Exceptional Items - - - -
Profit/(Loss) before tax (19112.22) (17602.85) (19112.22) (20822.59)
Tax Expenses - - - -
Profit/(Loss) after tax (19112.22) (17602.85) (19112.22) (20822.59)
Other Comprehensive Income (OCI) 5.01 3.69 5.01 3.69
Total comprehensive income for the year (19107.21) (17599.15) (19107.21) (20818.90)
Earnings Per Share Basic & Diluted (159.32) (146.74) (159.32) (173.58)

DIVIDEND:

Company has suffered huge losses during the year; hence Board has not recommended any dividend for the year ended 2023-24.
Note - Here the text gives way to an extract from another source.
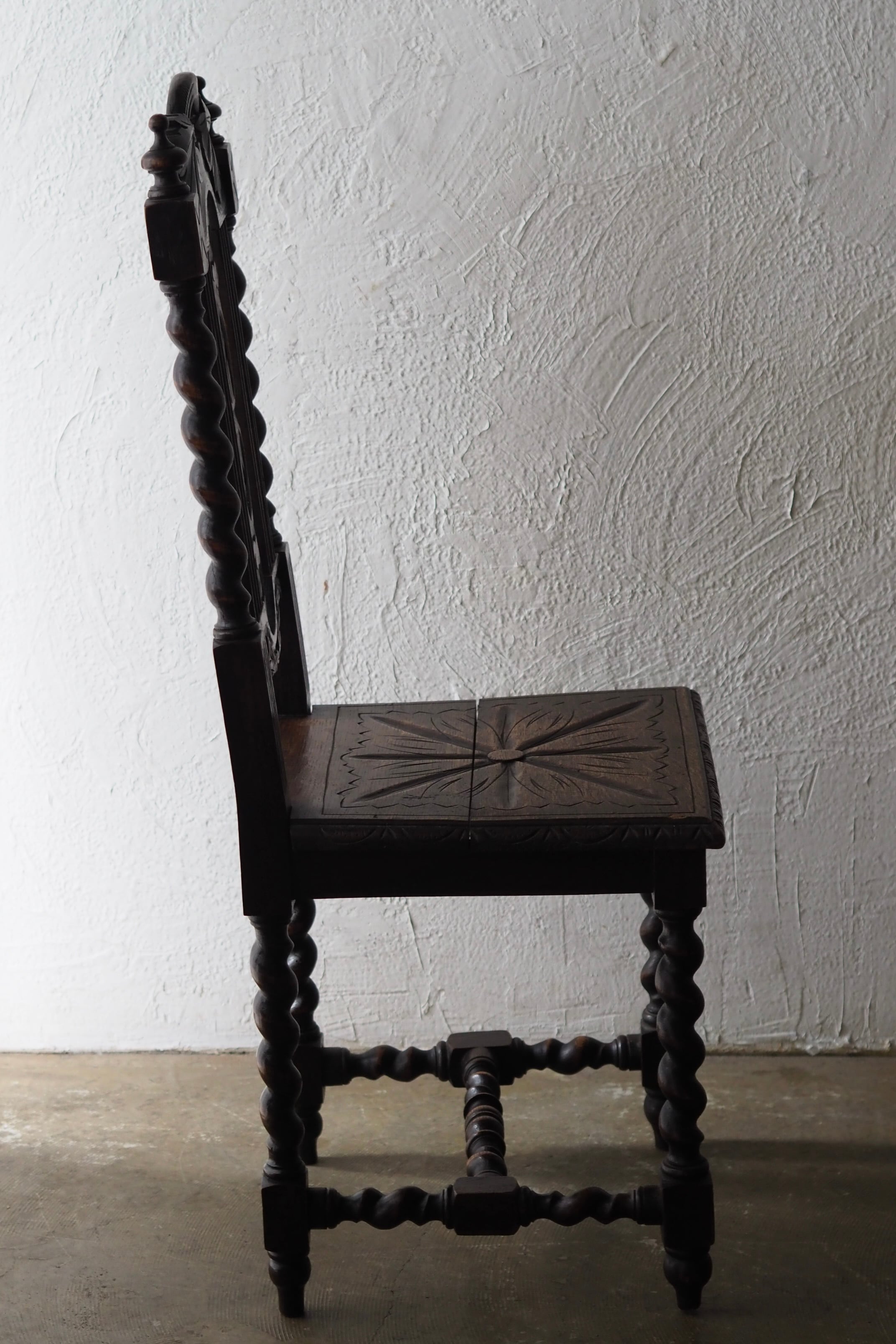 教会の建築を連想させる独特な彫刻を特色としておりこの1脚も例外ではなく。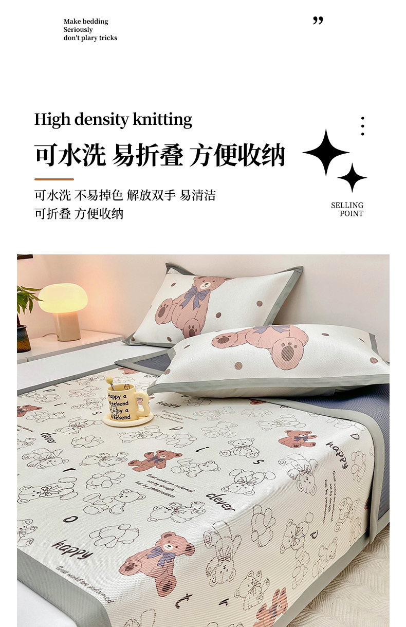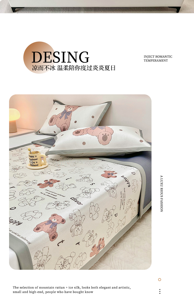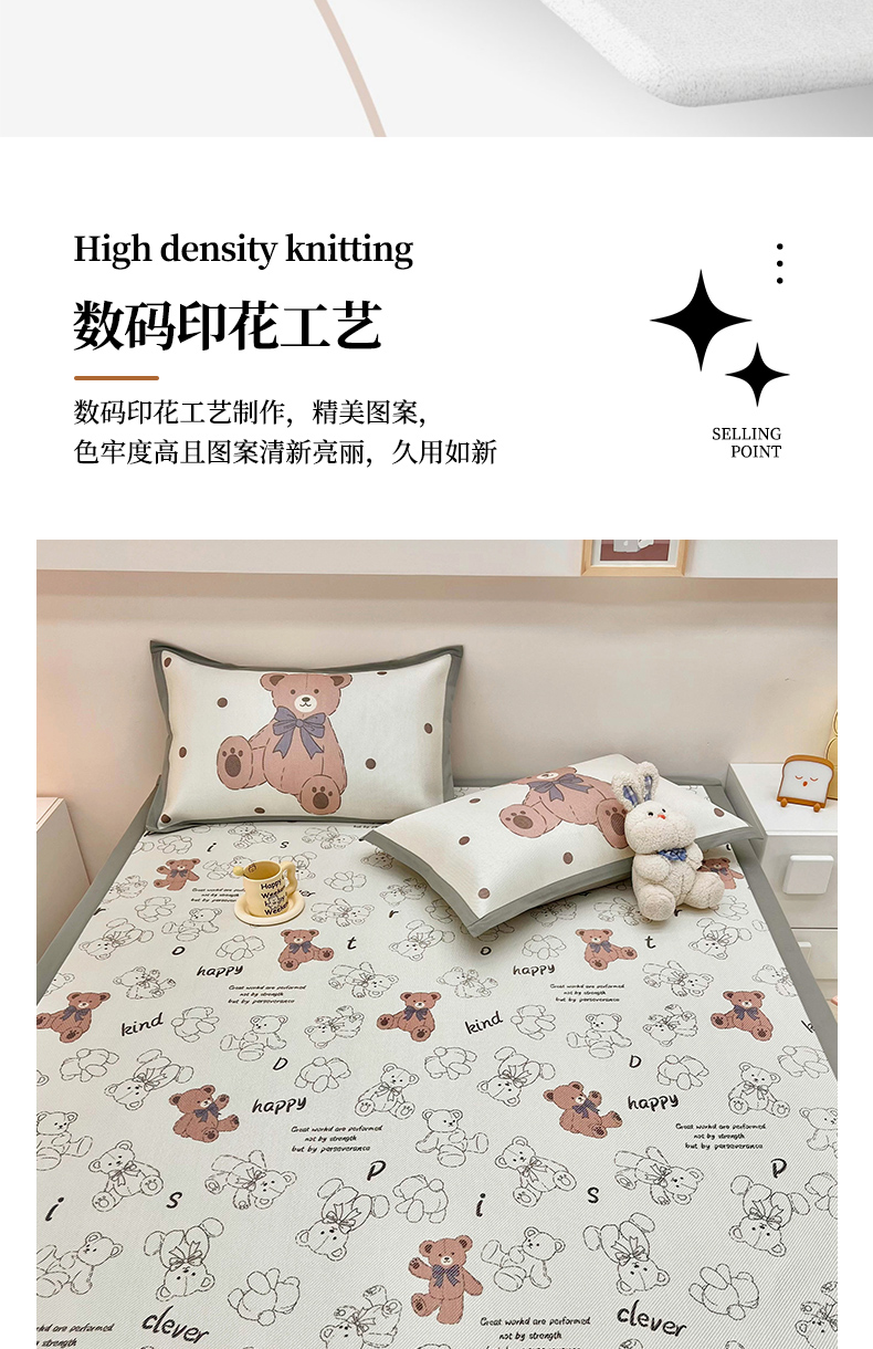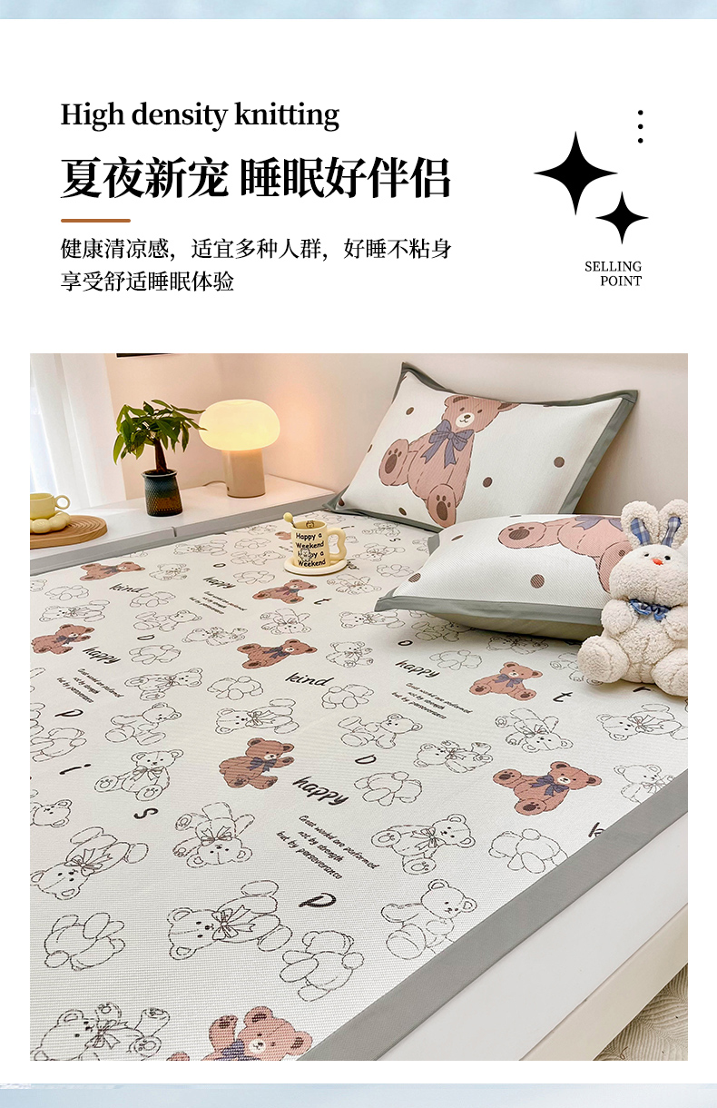 当前位置: 91家纺网 > 商品网购 > 床上用品 > 凉席 > 藤席 > 全季家居 2024新款5A抗菌小清新数码印花冰藤席 快乐小熊(床席款)

FINANCIAL AND OPERATIONAL PERFORMANCE

During the financial year 2023-24, on a standalone basis, the Company has earned revenues and there is other Income of Rs. 3.84 lacs represent mainly profit on sale of car. Previous year there was other income of Rs. 1.49 lacs. The net loss of company is Rs. (19107.21) lacs during the year as compared to previous year loss of Rs. (17599.15) lacs.

FIXED DEPOSITS

Your Company has not accepted any deposits in terms of Chapter V of the Companies Act, 2013 read with the Companies (Acceptance of Deposits) Rules, 2014, during the year under review.

PERFORMANCE OF SUBSIDIARY COMPANIES, OVERSEAS

The Company has two (2) overseas Subsidiary Companies, namely:

• Emmsons Gulf DMCC,

• Emmsons SA.

Emmsons Gulf DMCC:

The business of the Company's subsidiary Emmsons Gulf DMCC was also affected adversely. The Company has not made any financial transactions during the FY 2023-24 and has further represented that because of deep financial crunch, no staff was employed by them to prepare year ending financial statements.

Emmsons S.A:

The business of the Company's subsidiary Emmsons S.A. was also affected adversely. The Company has not made any financial transactions during the EY. 2023-24 and has further represented that because of deep financial crunch, no staff was employed by them to prepare year ending financial statements.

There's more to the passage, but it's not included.